Advisor: Dr. Bendre, Visiting Professorand Dr. Sangal, Director, Professor at IIIT Hyd.

The task here is to attach a prepositional phrase in a given sentence to a noun phrase or a verb phrase in the sentence. The approach uses a combination of supervised and unsupervised methods for learning. Un supervised learning is done using Expectation Maximization algorithm. The attachment of the prepositional phrase is done using scores calculated usingWordNet, a lexical database and back-off smoothing. The approach showed an improvement in performanceover the start of the art approaches.

This was done as a part of my undergraduate thesis also called Final Year Project(FYP) in undergraduate.The approach was later extended to multiple PP Attachment. Details can be found in A Hybrid Approach to Single and Multiple PP Attachment using WordNet (2005)

Creating Simulated Feedback (July 2005 - November 2006)

Advisor: Dr. Vasudeva Varma, Associate Professor, IIIT, Hyd.

Relevance feedback has widely been used in explicit and implicit methods. Explicit feedback methods are expensive to conduct as it requires a lot of manual effort and it is difficult to scale up these methods for gathering large volumes of data. Implicit feedback methods on the other hand are easy to conduct. Most search engines already have logs of user interactions over the web which is a very valuable source for research related to user feedback. However, such feedback is usually not available to public or even research communities at large for various reasons like, it posing threat to individual privacy of the web users etc. Motivated by these problems, we propose Simulated Feedback based on insights from query log analysis and using artificial methods to generate feedback. It is a potential area where the outcome of research can directly be used for the benefit of research communities in web search engines and personalization. Also given the constraint of non-availability of implicit feedback data it is difficult to

evaluate personalization algorithms. Simulated Feedback can act as a boon here and help benefit web search community.

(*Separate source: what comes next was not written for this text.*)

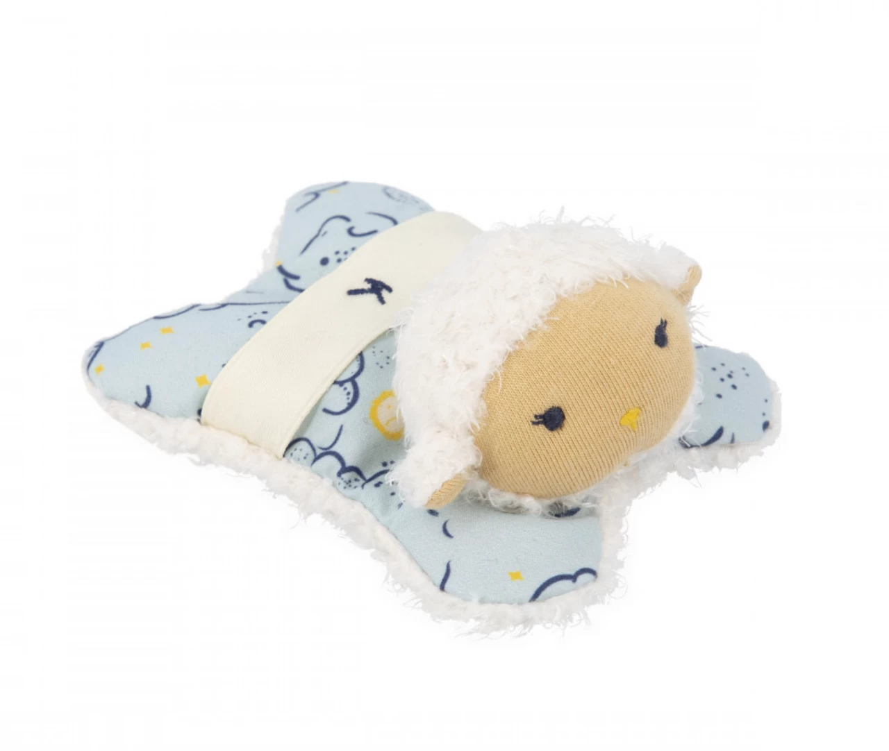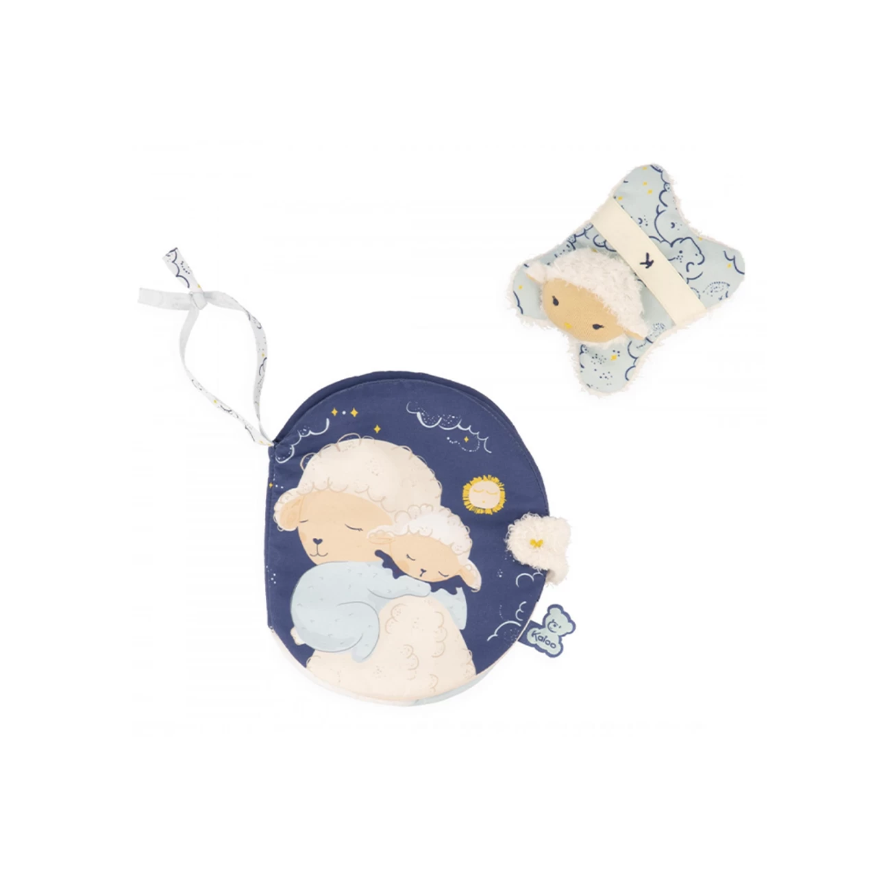 Discover the Doux Sommeil range, created on the theme of baby sleep, which is at the heart of parents’ concerns. The products designed are dedicated to bedtime to soothe baby from the first moments and help set up a bedtime ritual when he grows up. Our fabric picture guide (6,63 inches) helps to prepare for the bedtime ritual. It tells the little story of baby sheep before going to bed: his parent tells him a nice story to help him fall asleep, then puts him in bed with his doudou and tenderly caresses his face. He gives him his cuddle and gentle kisses. Thus, baby sheep falls asleep peacefully. Throughout the pages, caress baby gently with the mini doudou sheep so that he falls asleep serenely. Machine washable. From birth.

Creation of simulated feedback is done in 2 steps. In the first step a simulated user is created and in the second step a web search process is simulating mimicking a typical web search process. We have evaluated simulated feedback by comparing it with implicit feedback available from query logs and with explicit feedback from judges and achieved significant results. The benefit from "Simulated feedback" is two fold. Firstly it is easy to obtain and also the process of obtaining the feedback data is repeatable. Given a document set and a search engine deployed on this document set, one can start generating simulated feedback in much larger volumes than what can be obtained by either explicit or implicit feedback methods. Secondly, it enjoys the benefit of customizability, where a researcher can customize the creation of the feedback for his purposes, be it testing search engines for specific domains, testing research algorithms in personalization research or testing query modification techniques.

Collaborative Web Search

Advisor: Dr. Vasudeva Varma, Associate Professor, IIIT, Hyd.

Collaborative Web Search, motivated by Collaborative filtering and Recommendation systems, makes use of like-minded users.Like-minded users are the group of users who would be interested in similar results for similar queries.The search history of the like minded users is to improve search results.

Search in Presence of Errors

Worked with: Mr. Vamshi Ambati, Technical Director, Digital Library of India

As Digital Libraries are becoming widely accepted and created, the need for retrieval in these collections becomes necessary. However, one problem that the content poses is presence of errors created by Optical Character Recognizers (OCR). Related approaches have so far dealt this problem as a correction of the documents followed by retrieval. In this project we are exploring probabilistic models based on statistical language modeling. We do not assume an explicit phase of error correction in the text.

Digital Library Reading Assistant

Worked with: Mr. Vamshi Ambati, Technical Director, Digital Library of India.

The development of technologies that enable access to information regardless of geographic or language barriers is a key factor for the success of digital libraries. This project deals with providing multi lingual access to digital libraries. Multi lingual Information retrieval system is provided and also a multi lingual reading assistant is provided to enable the users reading a book from a different language. Two primary sub components of such a tool are the one that performs the translation of the requested word, phrase, sentence or a paragraph and the interface that helps a user provide feedback whenever unsatisfied with the translation.

Cross Lingual Information Retrieval (CLIR)(January 2005 - April 2005)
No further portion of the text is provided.